Anybody being formally questioned at a police station has the right to free legal advice from the duty solicitor, over a telephone service if the offence is minor, or from a solicitor paid for by themselves / their associates. Questioning cannot commence until requested legal advice has been received, although there are a few exceptions. Traditionally this was the time when most problems arose - improper questioning being carried out, threats and actual violence, etc - but the move to first audio and then visual recording of interviews has really reduced the opportunity for such practices. After 24 hours the detainee must be charged or released, or an extension for further questioning applied for (only if it's a serious crime).

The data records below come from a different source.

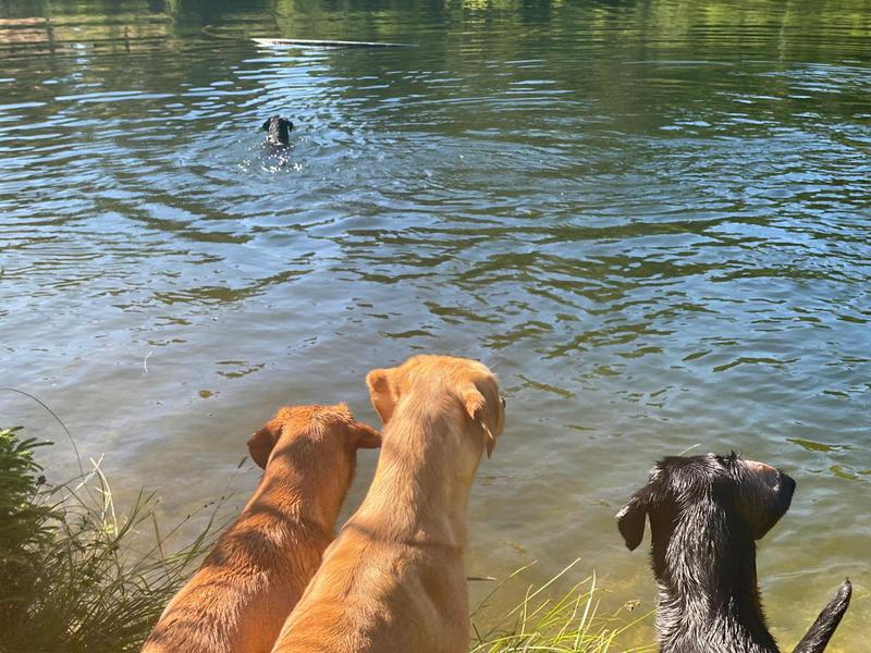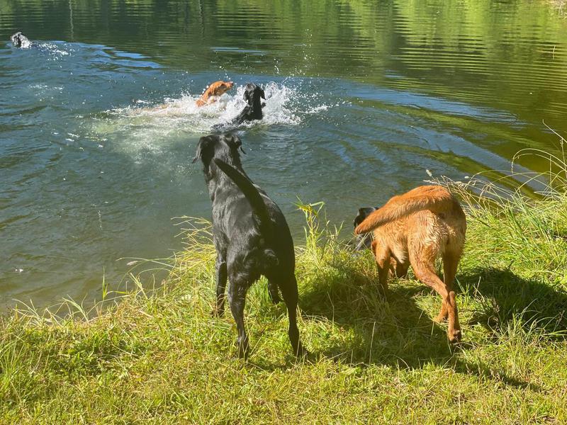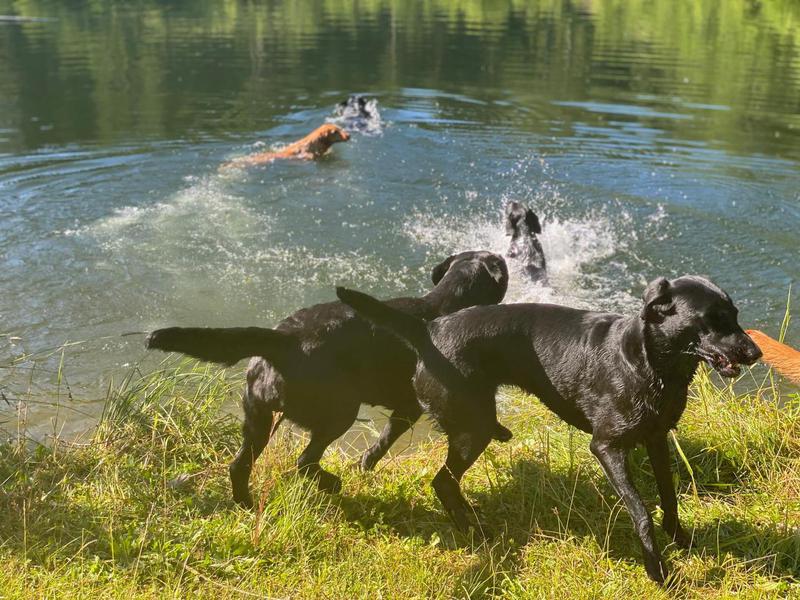 Wir hatten fast die ganze Woche Kaiserwetter, oft war es schon zu warm. Der Spaß kam nicht zu kurz, wir haben viel gelacht und trainiert. Das Gelände war, wie jedes Jahr, ein Traum. Die Hunde sind voll auf Ihre Kosten gekommen und ich bin sehr zufrieden mit der Leistung. Wir wissen um unsere Baustellen und daran werden wir weiter fleissig arbeiten. Sogar die Kleinen haben ihr erstes Retrieve gearbeitet.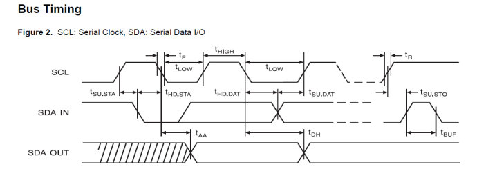 其中起始信號:在SCL為高電平時,SDA電平由高變低,且高電平SDA高電平持續時間要大于4.7us,在SCL由高電平變低時,SDA的低電平持續時間要大于4us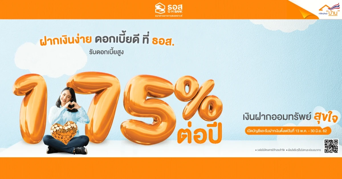 ฝากเงินง่าย ได้ดอกเบี้ยดี กับบัญชีเงินฝากออมทรัพย์สุขใจ จาก ธนาคารอาคารสงเคราะห์ ให้ดอกเบี้ยสูงแบบขั้นบันได จ่ายดอกเบี้ยปีละ 2 ครั้ง
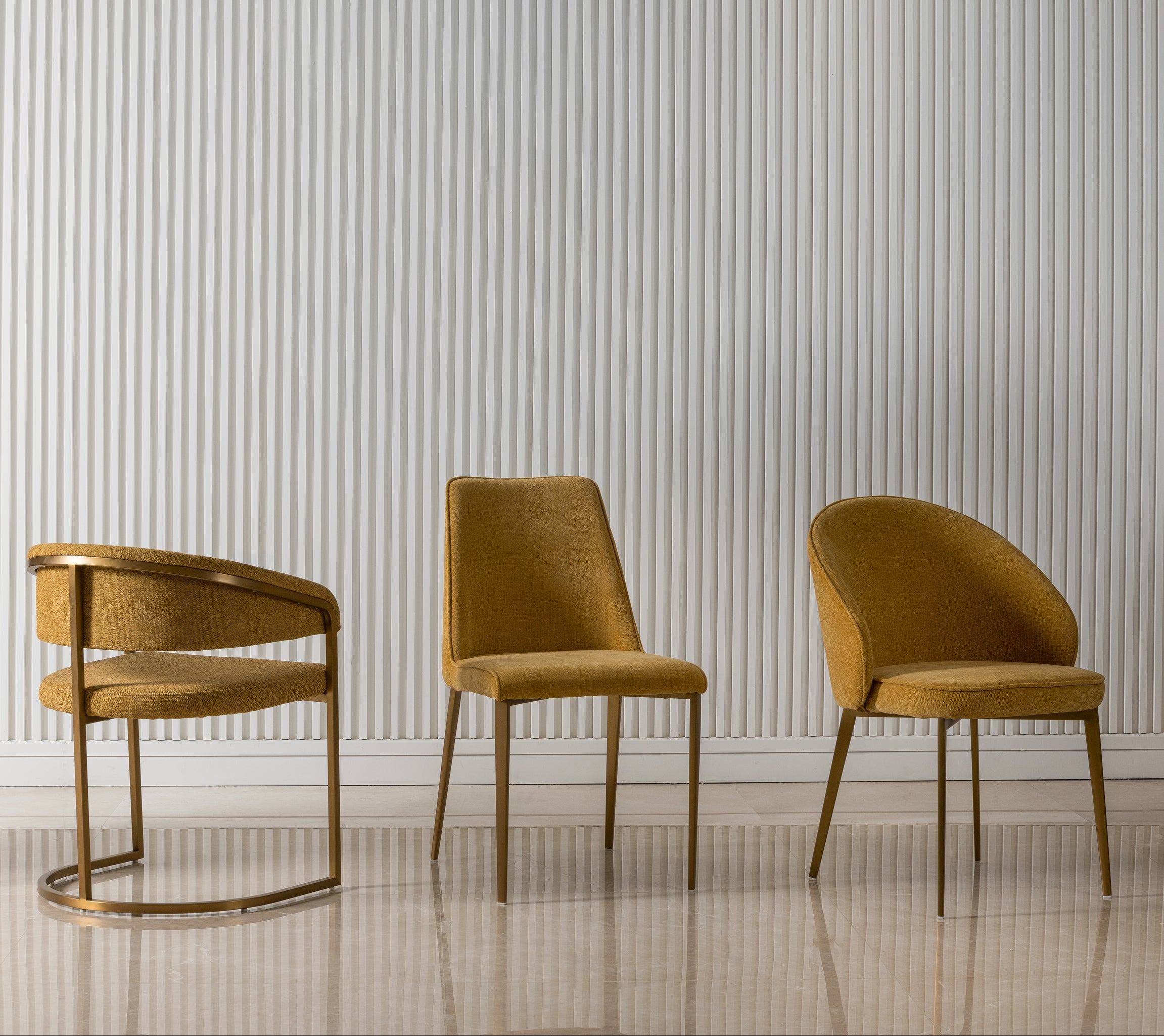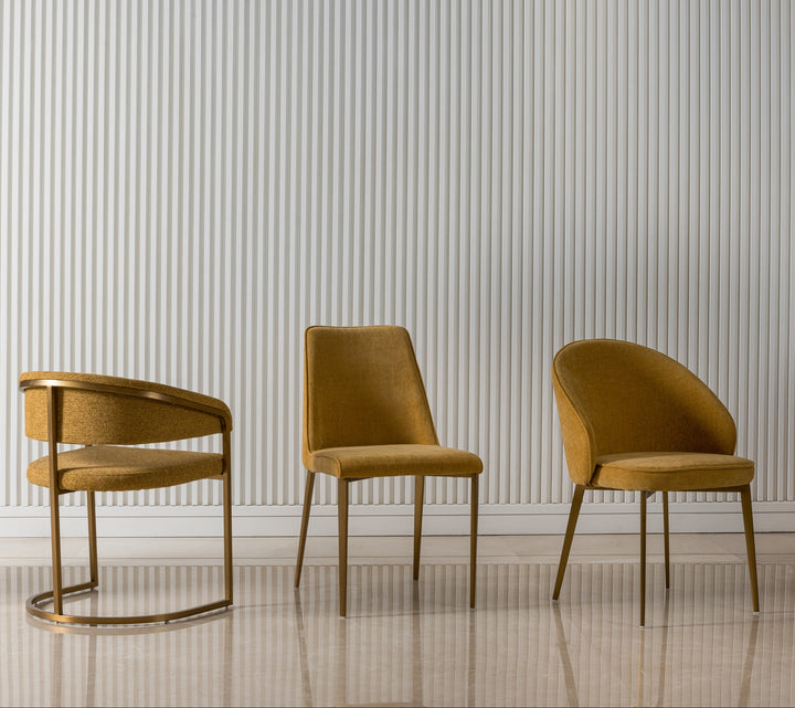 Upholstered in gaspar calendula paired with sturdy stainless steel legs finished in brushed brass. The warm brass tone contrasts beautifully against the fabric, creating a balanced and sophisticated armless design perfect for elevating any dining space.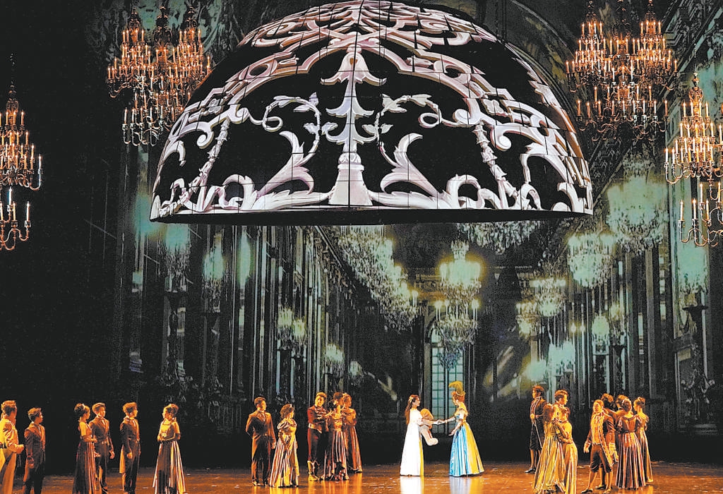 與壯闊宏大的作品立意相匹配的,是當?shù)闷鹑A美二字的舞臺呈現(xiàn)。璀璨的吊燈、長長的樓梯等鮮明意象不斷出現(xiàn),簡潔的布景與流動的影像虛實交織,把輝煌的宮廷、幽靜的鄉(xiāng)村、無垠的星空等場景營造得深邃動人。其中,由多塊LED屏拼成的圓弧最引人注目,在舞美設計維亞切斯拉夫·奧庫涅夫的解讀中,和平的寧靜短暫降臨時,圓弧可以隨影像變幻為宮殿穹頂、簡潔的花園涼亭,為生活遮風擋雨;戰(zhàn)爭襲來,刺目的紅光從破裂崩碎的圓弧中迸濺而出,恰如滿目瘡痍、生靈涂炭的現(xiàn)實。最終,幾瓣圓弧拼成碧水青山的“地球”,呼應原著小說標題中的俄語單詞“Mip”,即“世界”,將作品的意境再次推上新的高點。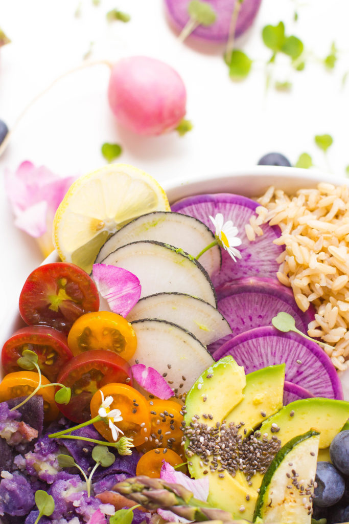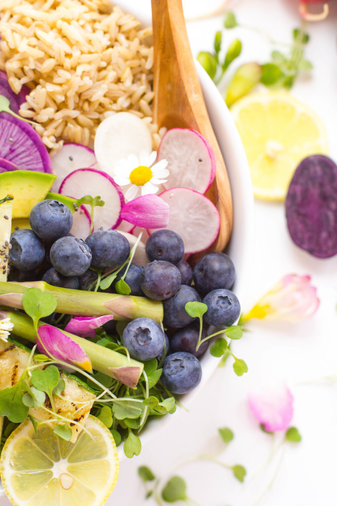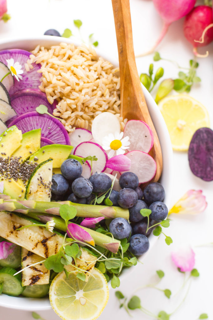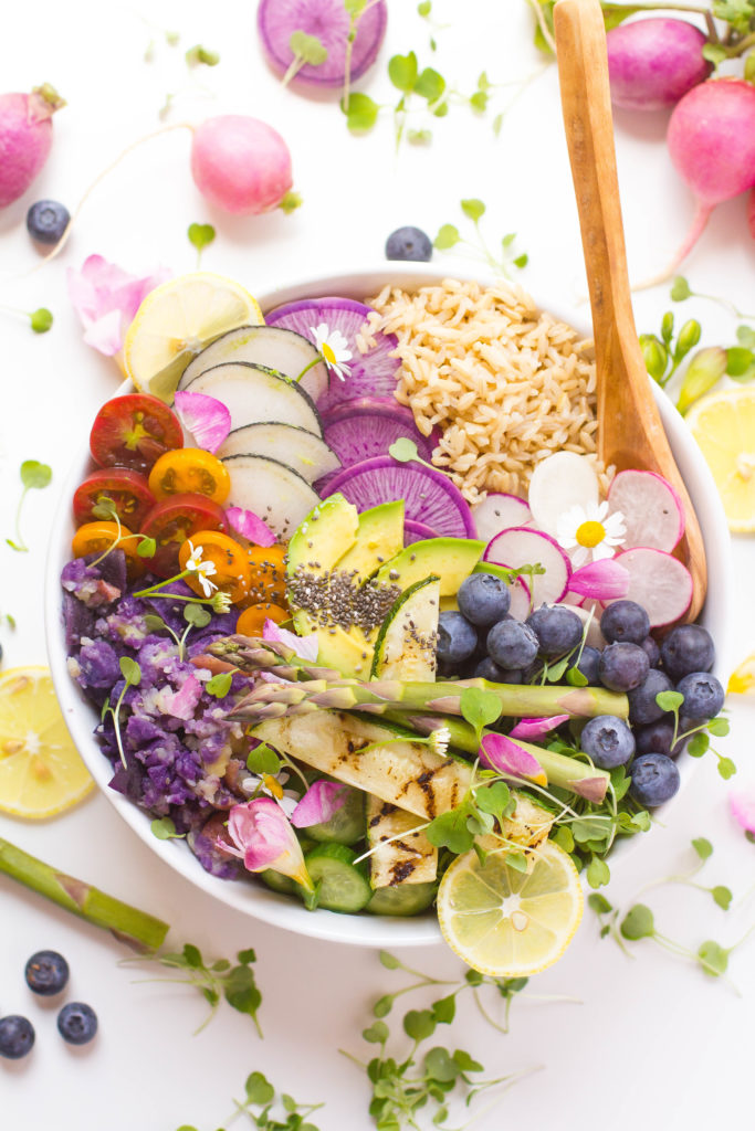These bonding memories not only teach them about what it is in season, but also creates an opportunity to discuss the senses (taste, sight, smell, touch), boosts self-esteem, and encourages creativity which I love. All I can say is that I’m doing something right cause my kids eat more vegetables than my husband and myself combined. One of our favorite things to make is buddha bowls or hippie bowls. Also, these bowls allow each of us to put in our favorite ingredients. This is my take on a spring Buddha bowl.

A West Midlands Police interview room - many forces are still in the process of phasing out audio cassette tapes in favour of digital recordings.
Whenever I watch US cop shows I'm always amazed at how suspects, witnesses, and total randomers seem to just be wandering unsupervised around the station where they could easily see investigation details, confidential information, etc. I hope it's just a TV thing! The only bit of a police station most people will ever see here is the front desk, or reception. When you walk in off the street this is what you see, where you wait to speak to someone, and, if they deem it necessary, be escorted in and out of the inner workings of the building.
The public are generally kept away from operational areas and incident rooms where particular crimes are being worked on.
Prison deserves its own post, but I'll give it a brief mention here just because it is very different to the USA. The point of prison in the UK is to punish, sure, but more importantly to rehabilitate. There is more focus on education, work, and preventing prisoners from becoming institutionalised. Capital punishment was abolished in 1965, following some famous miscarriages of justice, so we have no equivalent of Death Row or any of its associated problems.
The most dangerous prisoners are held at Category A prisons (or restricted status for women), but most prisoners will be categorised B on entering the system on remand or after sentencing. Low risk prisoners will be downgraded to Cat C, or Cat D and moved to an open prison where the regime is much more relaxed and they can leave the premises for work. There are also three high-security psychiatric hospitals, the most famous being Broadmoor.
There are frequent spasms of concern about how easy life in Britain's prison system is - so good that suicides are at a 30 year (at least) high and last year saw the worst prison riot since 1990 - and we're riding one such wave at the moment. Uniforms have been made compulsory for all male prisoners again (women have been exempt since 1971), for instance, as a sign of how hard we're cracking down, and how much we want to deal with regular outbreaks of scabies. There is a brilliant Insider View blog looking at modern UK prison life, for those who want to know more.